“Io e Pasquale”, interviene Giorgio Prette, “ci conosciamo da quindici anni, ma non abbiamo mai fatto nulla insieme. I Volwo avevano una loro identità ben precisa, perciò non aveva senso collaborare ai tempi. Quando lui ha cominciato a farmi ascoltare dei nuovi provini mi ha detto che voleva che partecipassi al progetto degli Atletico, ma dopo aver sentito i brani, mi sono piaciuti talmente tanto che ho rifiutato la partecipazione e gli ho proposto di entrare a fare parte definitivamente del progetto. Gli Afterhours sono molto impegnativi”, aggiunge il batterista, “e non è facile gestirsi anche perché tutti noi abbiamo dei progetti paralleli. Cerchiamo di dedicarci in maniera continuativa ai live e alla promozione ma è molto difficile”.
“Anche con Saturnino ci conosciamo da una decina di anni”, prosegue De Fina, “Ci forniamo, io per le chitarre e lui per i bassi, dallo stesso costruttore, e così ci siamo conosciuti.
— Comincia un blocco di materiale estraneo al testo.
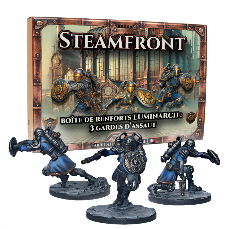 Du contenu supplémentaire pour enrichir votre expérience : une page de lore dédiée aux gardes d’assaut ainsi que les coûts en points de l’unité sont disponibles en téléchargement gratuit sur Steamfront Universe. Cette boîte constitue une solution pratique et immersive pour les joueurs souhaitant développer leur faction Luminarch avec une unité spécialisée et immédiatement exploitable.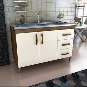 Balcão Gabinete de Pia Karina - 118 x 80 x 51cm com 3 Gavetas e 2 Portas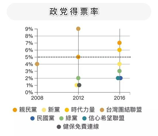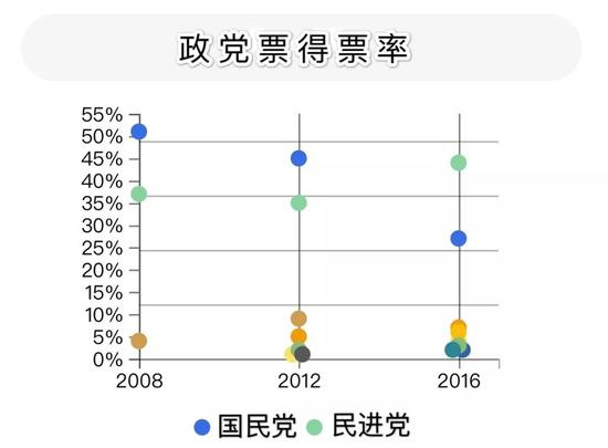 从历届政党票得票率中,可看到国民党与民进党获得大多数选票,其余小党选票皆不到10%。

Gli ho fatto sentire alcuni pezzi e, come Giorgio, ha voluto entrare a far parte degli Atletico a 360 gradi”. Alla realizzazione del disco hanno partecipato anche altri artisti tra cui Syria, che canta con Pasquale nel brano “Sono io”, Pepe Ragonese alla tromba, Pancho Ragonese al pianoforte, Roberto Romano (già al fianco di De Fina nei Volwo) al sax tenore e al clarino, Valentino Finoli al sax alto, Marco Ferrara al contrabbasso, Giulio Dottori alle chitarre, Gianluca Mancini al fender rhodes, Cesare Basile al dobro, e Massimo Martellotta alla steel guitar: “È una situazione di scambi e partecipazioni”, spiega De Fina, “Ciò che mi interessava fin dall’inizio era creare una band che avesse queste caratteristiche che paradossalmente sembrano lontanissime: pensare Giorgio che suona mentre Syria canta è Saturnino sta al basso, può sembrare strano da fuori, in realtà è proprio il bello di questo progetto”. “Quando le collaborazioni nascono dai musicisti”, aggiunge Prette, “e non da una manovra di promozione dell’etichetta, vuol dire che la cosa funziona di sicuro e puoi permetterti di fare quello che vuoi, soprattutto quando un progetto nasce prima da un rapporto umano che artistico”.
“Si sente nel sound questa caratteristica”, precisa De Fina, “Il jazz di Ragonese, il funky di Saturno, e il rock di Giorgio sono in totale libertà. Non sarebbero mai venuti fuori questi brani se ci fossimo imposti delle regole o dei metodi di composizione. Io portavo dei provini e in fase di registrazione ognuno suonava e ci metteva del suo: certe cose sono venute fuori solo suonandole, senza pensarci”. “Quando lui portava il materiale su cui lavorare”, prosegue Giorgio, “si capiva da subito che erano brani spontanei, che erano nati da una sincerità notevole e che lasciavano a noi musicisti la libertà di improvvisare. Nessuno di noi porta in questo progetto le influenze da cui proviene, abbiamo cercato di trovare una mediazione tra quello che è il nostro stile e le cose che non siamo abituati a fare. E’ questo uno degli aspetti più stimolanti: il divertimento di metterti alla prova facendo cose nuove con persone con cui non hai mai lavorato”.